Sorting results with _geoPoint

Configuration

Before using geosearch for sorting, you must add the _geo attribute to the sortableAttributes list:
curl \
  -X PUT 'MEILISEARCH_URL/indexes/restaurants/settings/sortable-attributes' \
  -H 'Content-type:application/json' \
  --data-binary '["_geo"]'
It is not possible to sort documents based on the _geojson attribute.

Usage

_geoPoint(0.0, 0.0):asc

Examples

The _geoPoint sorting function can be used like any other sorting rule. We can order documents based on how close they are to the Eiffel Tower:
curl \
  -X POST 'MEILISEARCH_URL/indexes/restaurants/search' \
  -H 'Content-type:application/json' \
  --data-binary '{ "sort": ["_geoPoint(48.8561446,2.2978204):asc"] }'
With our restaurants dataset, the results look like this:
[
  {
    "id": 2,
    "name": "Bouillon Pigalle",
    "address": "22 Bd de Clichy, 75018 Paris, France",
    "type": "french",
    "rating": 8,
    "_geo": {
      "lat": 48.8826517,
      "lng": 2.3352748
    }
  },
  {
    "id": 3,
    "name": "Artico Gelateria Tradizionale",
    "address": "Via Dogana, 1, 20123 Milan, Italy",
    "type": "ice cream",
    "rating": 10,
    "_geo": {
      "lat": 45.4632046,
      "lng": 9.1719421
    }
  },
  {
    "id": 1,
    "name": "Nàpiz' Milano",
    "address": "Viale Vittorio Veneto, 30, 20124, Milan, Italy",
    "type": "pizza",
    "rating": 9,
    "_geo": {
      "lat": 45.4777599,
      "lng": 9.1967508
    }
  }
]
_geoPoint also works when used together with other sorting rules.
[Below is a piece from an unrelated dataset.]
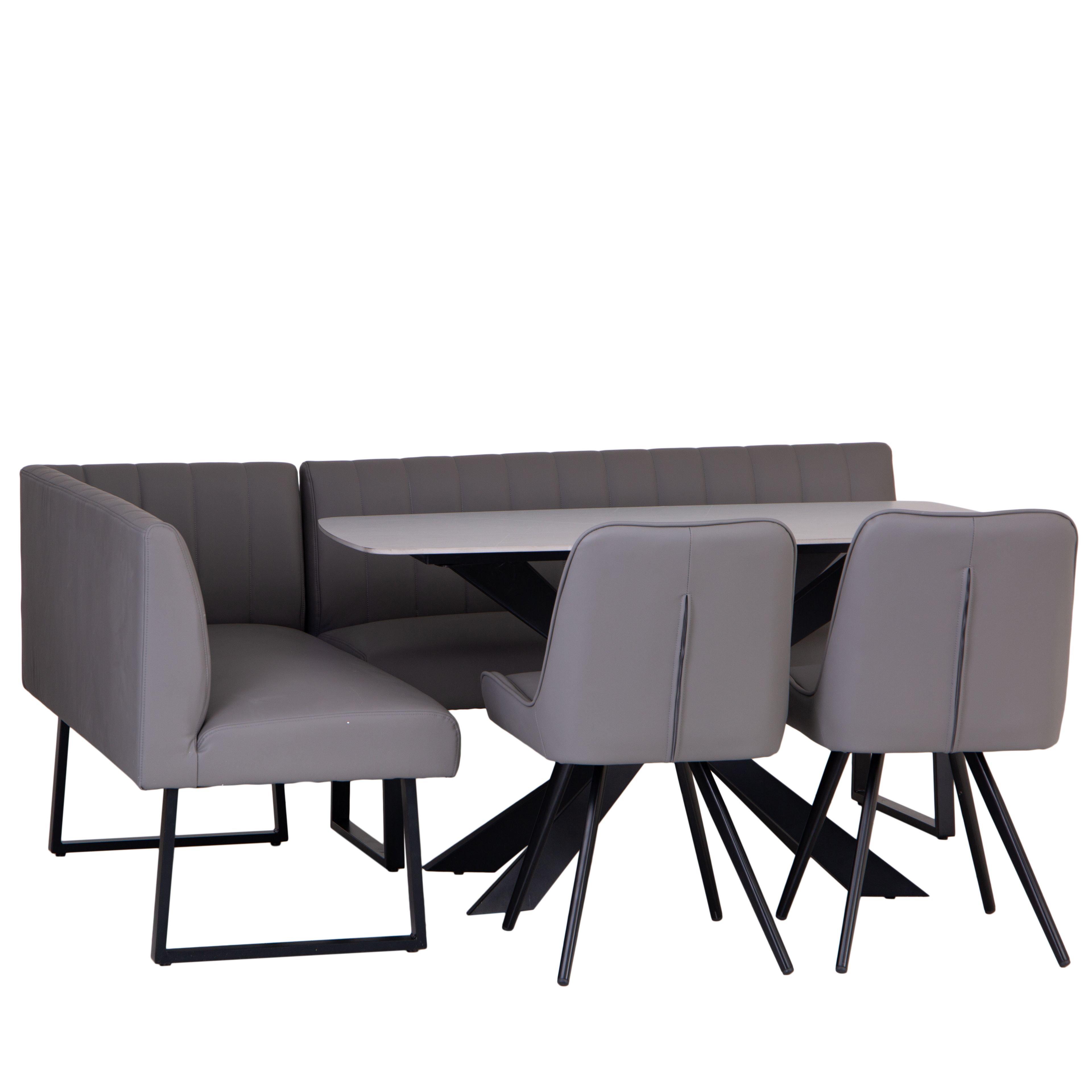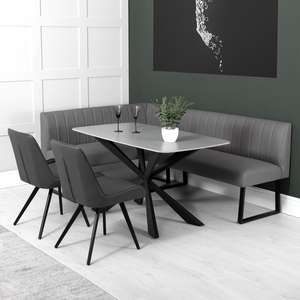 1.4m Grey Dining Table, LH Corner Bench & 2 Chairs - Grey

We can sort restaurants based on their proximity to the Eiffel Tower and their rating:
curl \
  -X POST 'MEILISEARCH_URL/indexes/restaurants/search' \
  -H 'Content-type:application/json' \
  --data-binary '{
    "sort": [
      "_geoPoint(48.8561446,2.2978204):asc",
      "rating:desc"
    ]
  }'
[
  {
    "id": 2,
    "name": "Bouillon Pigalle",
    "address": "22 Bd de Clichy, 75018 Paris, France",
    "type": "french",
    "rating": 8,
    "_geo": {
      "lat": 48.8826517,
      "lng": 2.3352748
    }
  },
  {
    "id": 3,
    "name": "Artico Gelateria Tradizionale",
    "address": "Via Dogana, 1, 20123 Milan, Italy",
    "type": "ice cream",
    "rating": 10,
    "_geo": {
      "lat": 45.4632046,
      "lng": 9.1719421
    }
  },
  {
    "id": 1,
    "name": "Nàpiz' Milano",
    "address": "Viale Vittorio Veneto, 30, 20124, Milan, Italy",
    "type": "pizza",
    "rating": 9,
    "_geo": {
      "lat": 45.4777599,
      "lng": 9.1967508
    }
  }
]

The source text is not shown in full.